El segundo libro de los Macabeos narra el martirio de una familia heroica. Siete hermanos y su madre padecieron la muerte por no renegar del Dios de Israel. La primera lectura de la Misa narra la historia de los cuatro primeros.
La madre contempla dolorosamente la muerte de cada uno de sus hijos en medio de los más espantosos tormentos. Ella sabía que sus hijos eran de Dios y para Dios. Aun estando transida por el dolor, descansaba sabiendo que ellos gozarían de la eterna bienaventuranza, porque creían en la resurrección de los muertos. En pocos lugares del Antiguo Testamento se profesa la fe en la resurrección de modo tan manifiesto.
Poco antes de la muerte violenta del sexto hermano, el texto sagrado se detiene en una detallada y cuidadosa descripción de la madre. «Admirable de todo punto y digna de glorioso recuerdo fue aquella madre que, al ver morir a sus siete hijos en el espacio de un solo día, sufría con valor porque tenía la esperanza puesta en el Señor. Animaba a cada uno de ellos en su lenguaje patrio y, llena de generosos sentimientos y estimulando con ardor varonil sus reflexiones de mujer, les decía:
“Yo no sé cómo aparecisteis en mis entrañas, ni fui yo quien os regaló el espíritu y la vida, ni tampoco organicé yo los elementos de cada uno. Pues así el Creador del mundo, el que modeló al hombre en su nacimiento y proyectó el origen de todas las cosas, os devolverá el espíritu y la vida con misericordia, porque ahora no miráis por vosotros mismos a causa de sus leyes”» (2 M 7, 20-23).
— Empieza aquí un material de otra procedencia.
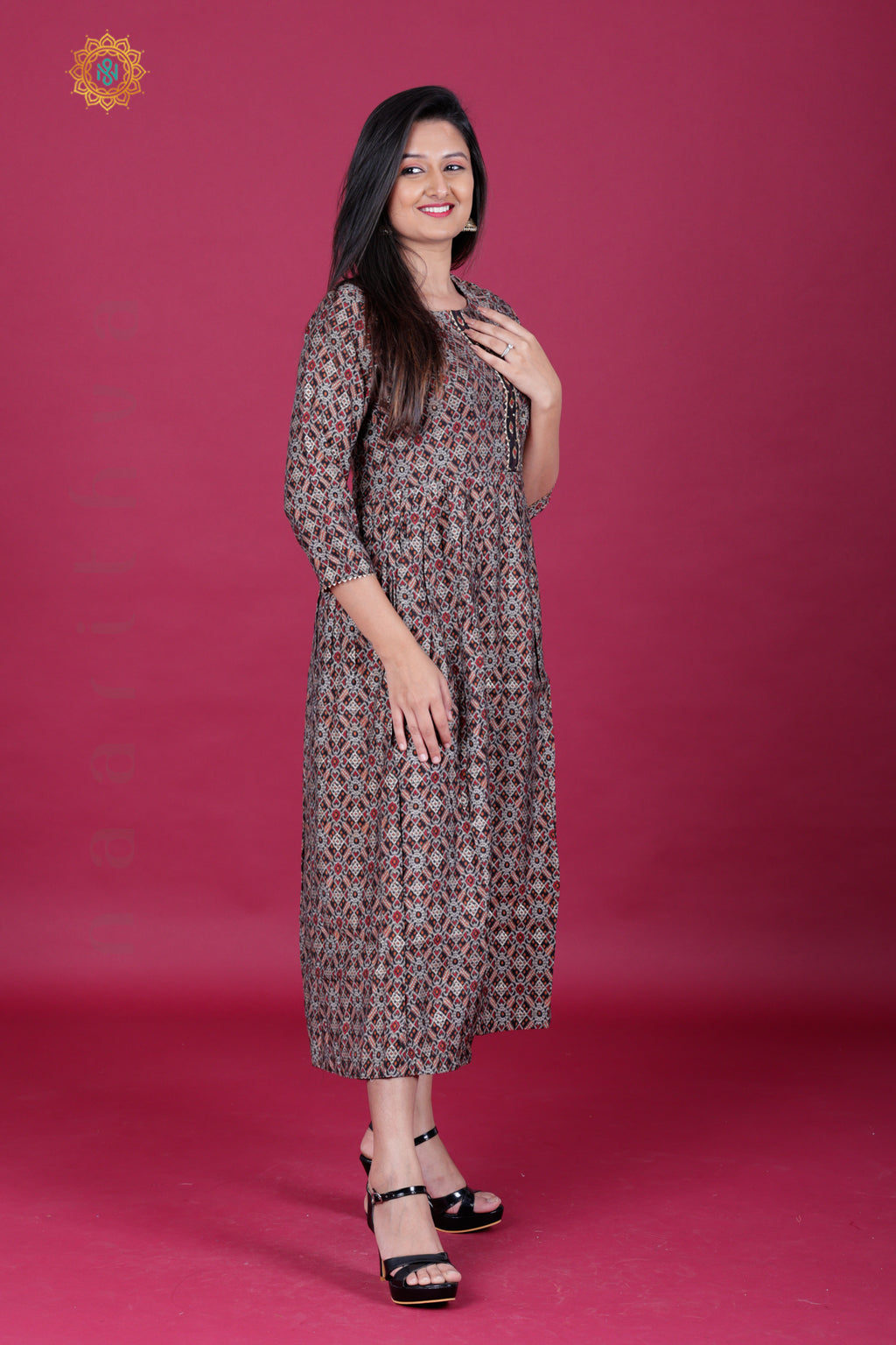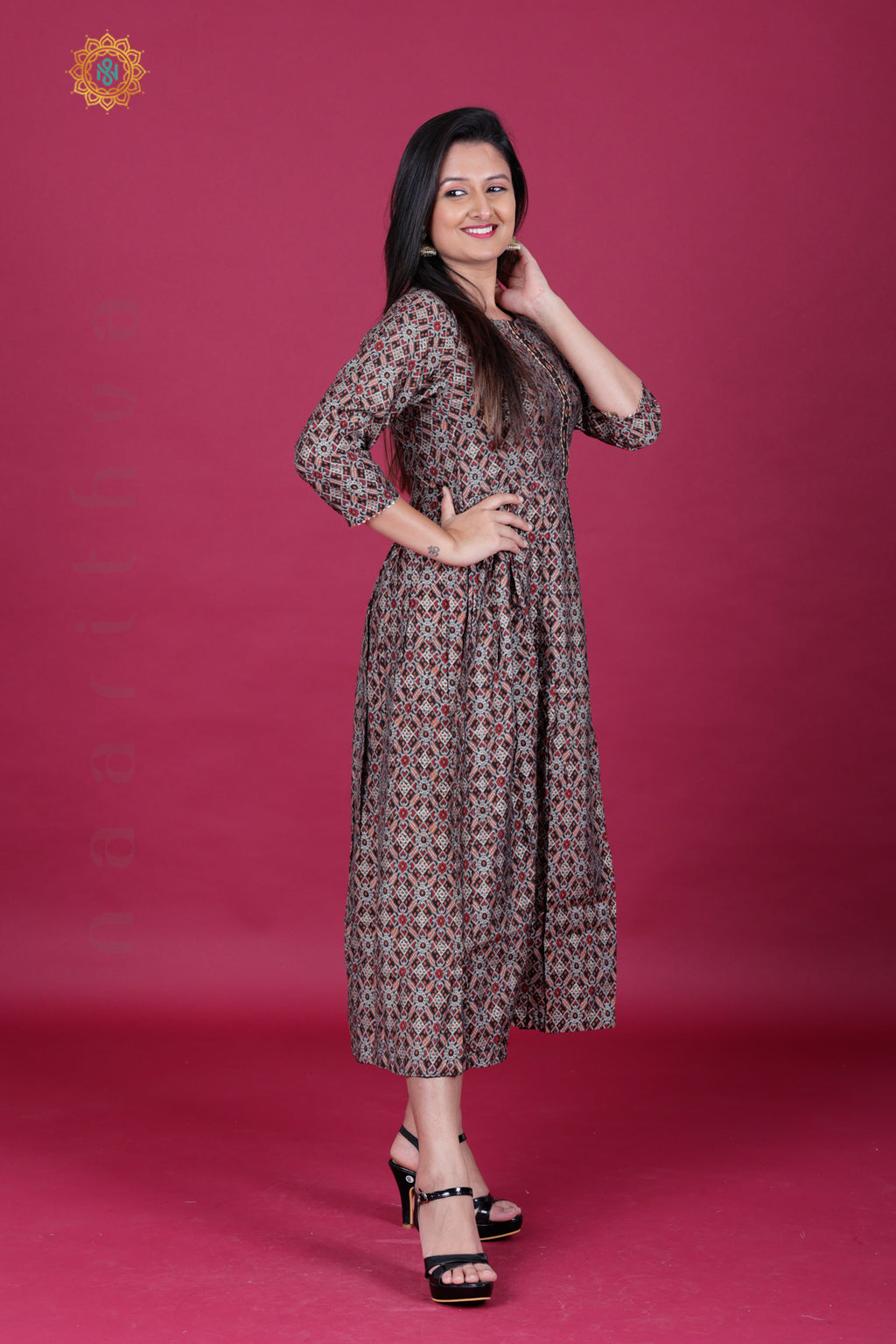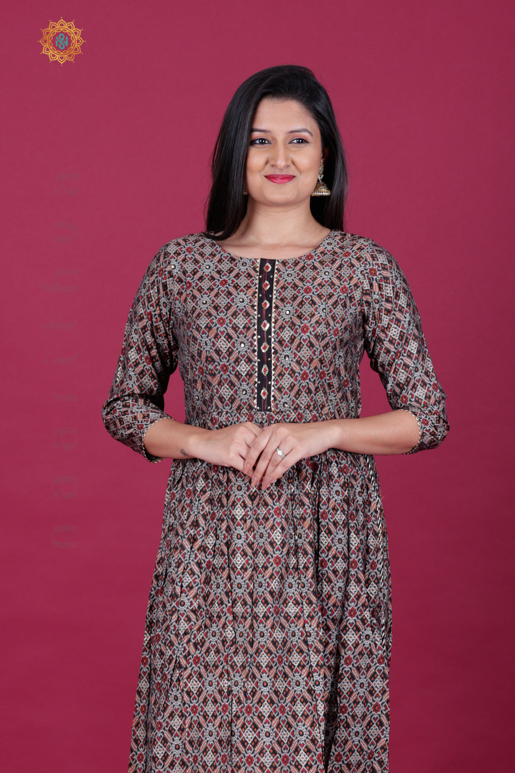 BLACK & GREY - CASUAL WEAR ONE PIECE KURTI

Su valentía no sufrió merma cuando le llegó el momento al último de sus hijos. El rey Antíoco se persuadió de que la violencia no haría cambiar el parecer del creyente, de modo que cambió de táctica. Llenó de agasajos sus oídos y le hizo promesas incontables si renegaba de Dios.
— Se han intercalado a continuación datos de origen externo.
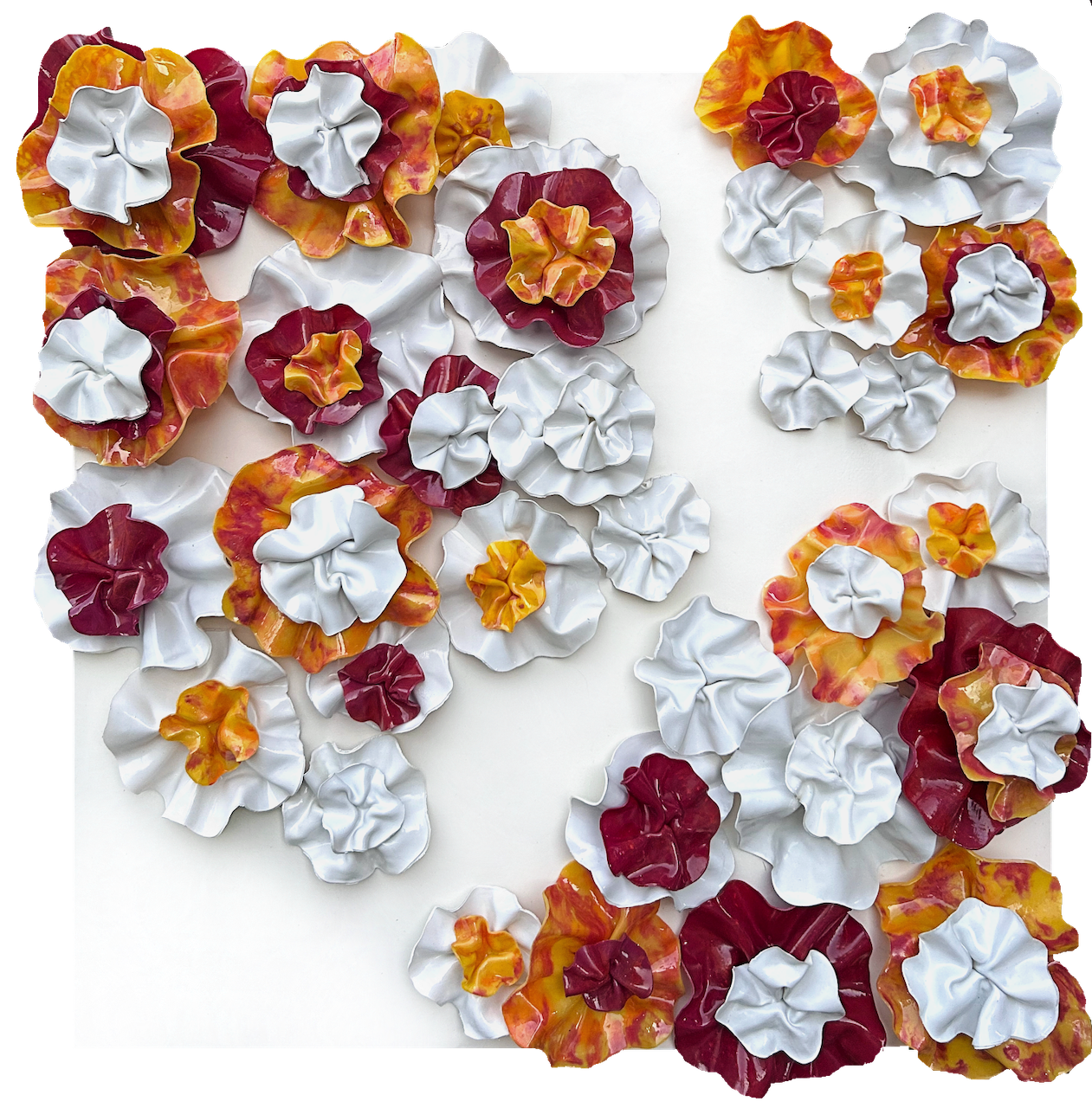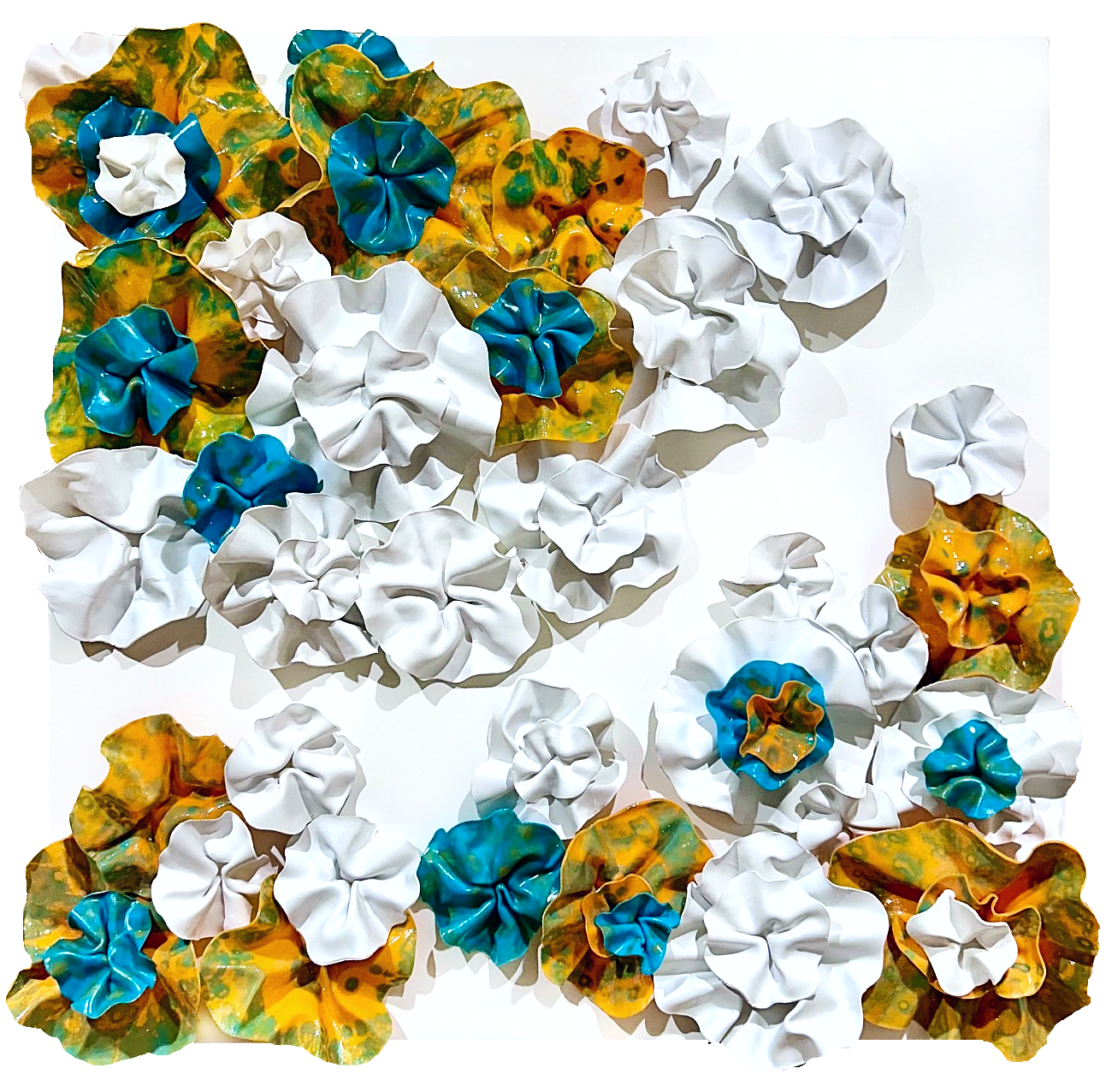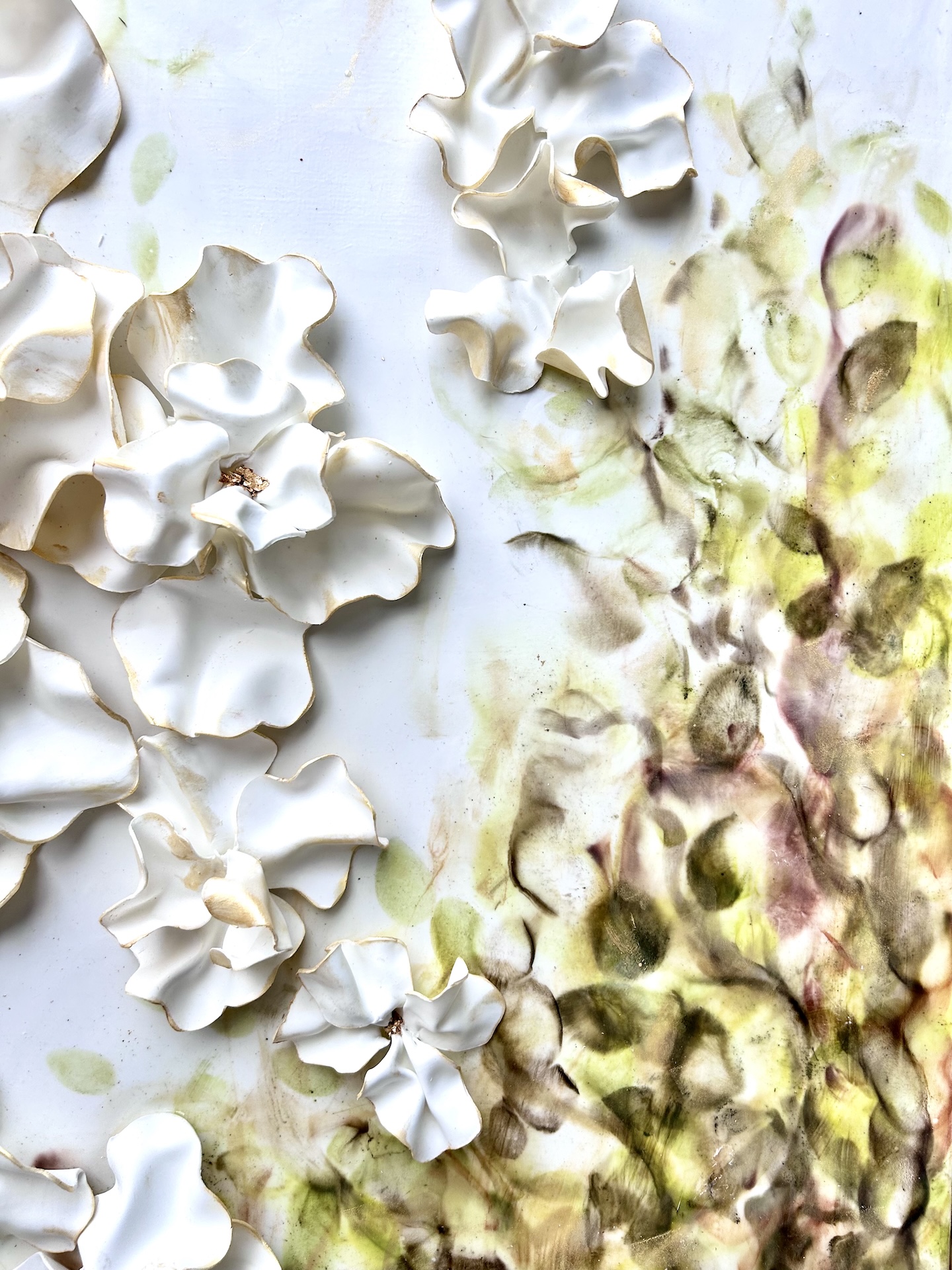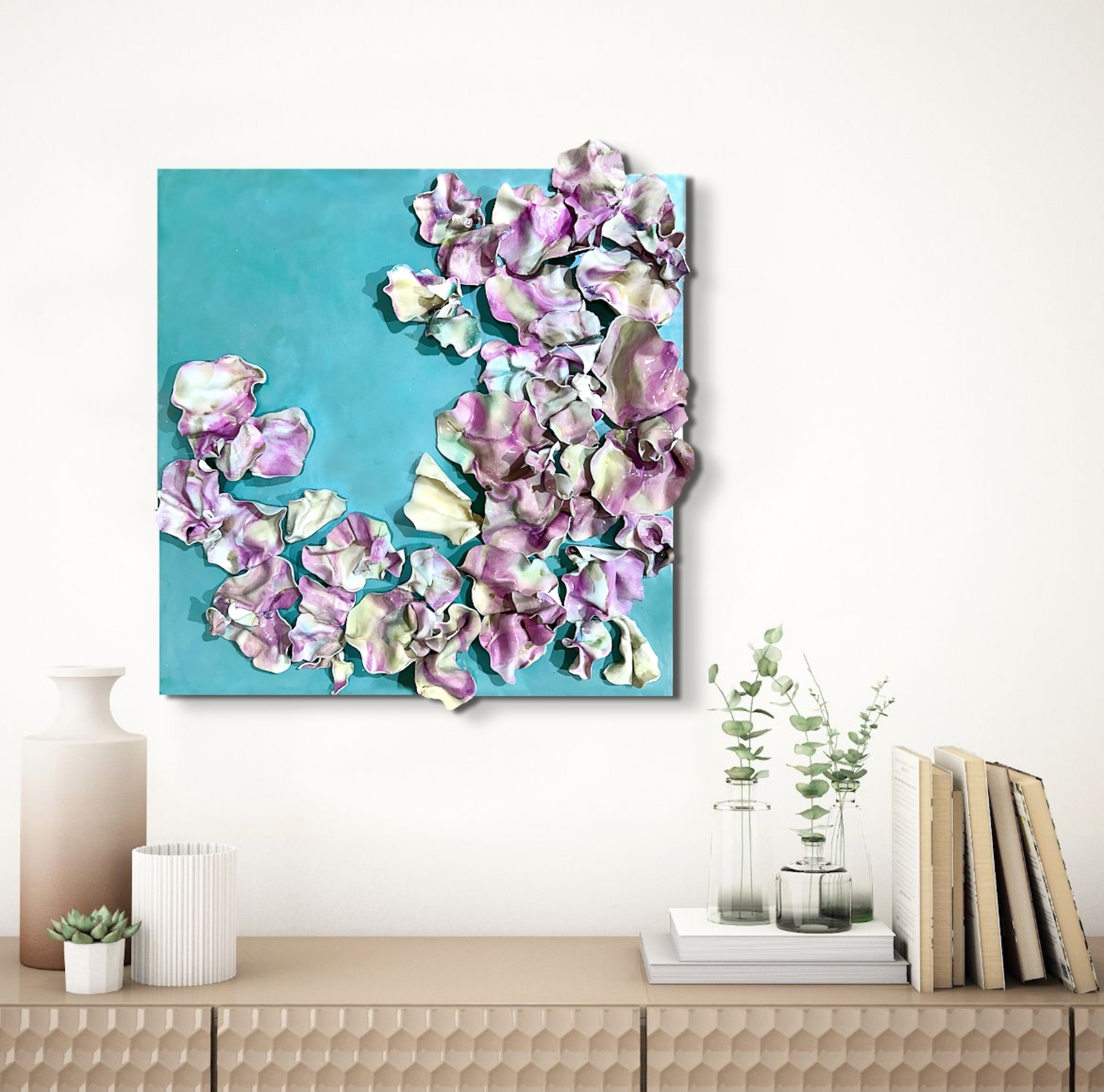 The fluidity and versatility inherent in encaustic painting enable me to delve into the complexities of organic forms, crafting textured surfaces and luminous depths that mirror the beauty and transience of the natural world. My work is characterized by meticulously hand-sculpted 3D forms that burst with vibrant colors, layered intricately throughout each composition.

Nada hacía cambiar el parecer del muchacho. El jerarca recurrió a la madre para que, convenciéndole, salvara su vida. El resultado fue muy distinto a la previsión del rey. «Hijo, ten compasión de mí que te llevé en el seno por nueve meses, te amamanté por tres años, te crié y te eduqué y alimenté hasta la edad que tienes. Te ruego, hijo, que mires al cielo y a la tierra y, al ver todo lo que hay en ellos, sepas que a partir de la nada lo hizo Dios y que también el género humano ha llegado así a la existencia. No temas a este verdugo, antes bien, mostrándote digno de tus hermanos, acepta la muerte, para que vuelva yo a encontrarte con tus hermanos en la misericordia» (2 M 7, 27-29).
Todos juntos, en el cielo, por la perseverancia. Que el Señor nos ayude a permanecer fieles a tan noble y piadoso propósito.